And how do we quantify "monotone"? Let's start with the fact that the fundamental frequency ("f0"), the standard proxy for the linguistically-relevant dimension(s) of pitch, is sometimes not a well-defined quantity in the real world, and in any case is often not a reliable correlate for the perceptual and linguistic features we care about (See "Pitch contour perception" 8/28.2017, or "Tone Without Pitch", ETAP 5/30/2015).  Assuming that time-local estimates of voice f0 are the appropriate measurements, there's still the question of how to summarize the values from different places in the syllables, words, and phrases of interest — should we weight values according to the local amplitude? should we pay special attention to extrema or to regions of rapid change or both? should we use a linear or a log scale or something else? should we attempt a more complex perceptual weighting based on time/frequency/amplitude considerations, syllable segmentation, etc.? in whatever transformed space, should we look at means and variances,  (perhaps-weighted) quantiles, median absolute deviation from the median, or what?

All the same, researchers who want to compare pitch ranges across different groups are in relatively good shape. We have a reasonable proxy measure — fundamental frequency — which can be somewhat reliably recovered from most recordings, because it's not much affected by microphone and other channel characteristics, signal encoding, and so on. We can chose datasets, at least in principle, where we can try to ensure that the recording contexts are on average similar across the groups to be studied. And if several different quantification methods point to the same answer, then we can feel some confidence in our results.

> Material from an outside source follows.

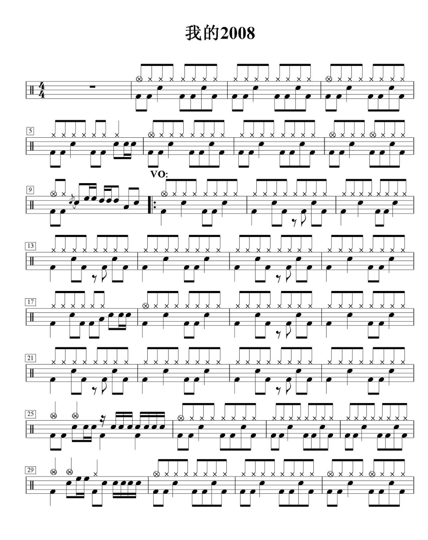 曲谱介绍: 我的2008(架子鼓谱)-九拍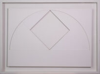 Obra apresentada na horizontal de cor branca, formada por figuras geométricas e sobrepostas de meia lua e losango. Obs.: obra participou do 11º Salão Nacional de Artes Plásticas

I haven't done this sort of test for the stereotype about American and British male pitch ranges. But a decade ago, I did a Breakfast Experiment™ to test someone's suggestion that female/male pitch polarization is greater in Japanese than in (American) English. The results ("Nationality, Gender and Pitch" 11/12/2007) supported the stereotype:

There are still plenty of issues — the speakers were not matched across languages in age and relationship, for example — but overall this is a reasonable first-order test of the hypothesis, suggesting that there's something worth looking into further.

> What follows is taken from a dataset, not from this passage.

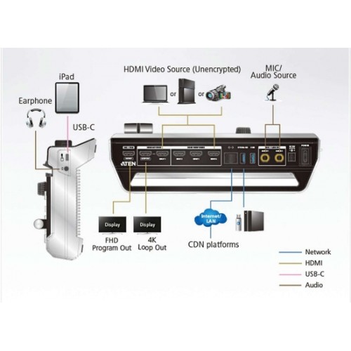- All-in-One Design zur Vereinfachung des Streaming Workflows–Integriert 1080p Videoaufnahme, Videoumschaltung, Streaming Encoder, Videokonverter, Videosplitter und Audiomischer

With respect to the "loud Americans" hypothesis, we're in much worse shape. There are all the same problems about which Americans, recorded where, doing what. And amplitude, the acoustic proxy for "loudness", is at best an even more problematic measure than fundamental frequency. This is partly for psychophysical reasons — we need to decide how to weight different frequencies, for example. And the correspondence between the linguistic-phonetic dimension of vocal effort (in production or perception) and any frequency-weighted amplitude measure is much worse than the problematic correspondence between pitch and fundamental frequency. Thus if we try to increase the "loudness" of stressed syllables in speech synthesis by local increases in amplitude, it just sounds like someone is twiddling the gain knob  — because that's what it is.

But the biggest problem is simple and obvious:

Audio recordings do not preserve the amplitude of the recorded source.

The amplitude of a (digital or analog) audio signal is essentially arbitrary, depending on the microphone placement and amplitude settings in the original recording, and any subsequent analog or digital processing.

Reliable sound-level meters do exist, of course, but again, the values that they register depend on their placement relative to the source and on the acoustics of the recording environment.

As a result, it's somewhat meaningful (for example) to compare f0 measurements for American, British, French, German, Japanese, and Chinese news broadcasters, or for the participants in the Scottish, Canadian, American, Australian Dutch, Italian, Japanese, Swedish, Occitan, and Portuguese Map Task Dialogues. But it's completely meaningless to compare amplitude (or "loudness") measures across such datasets. We can easily do it, but the results would have no value whatsoever, except perhaps as evidence about the level-setting and post-processing practices of the various sources. And the same problem applies to essentially of the existing (millions of hours of) audio recordings across individuals, contexts, and languages.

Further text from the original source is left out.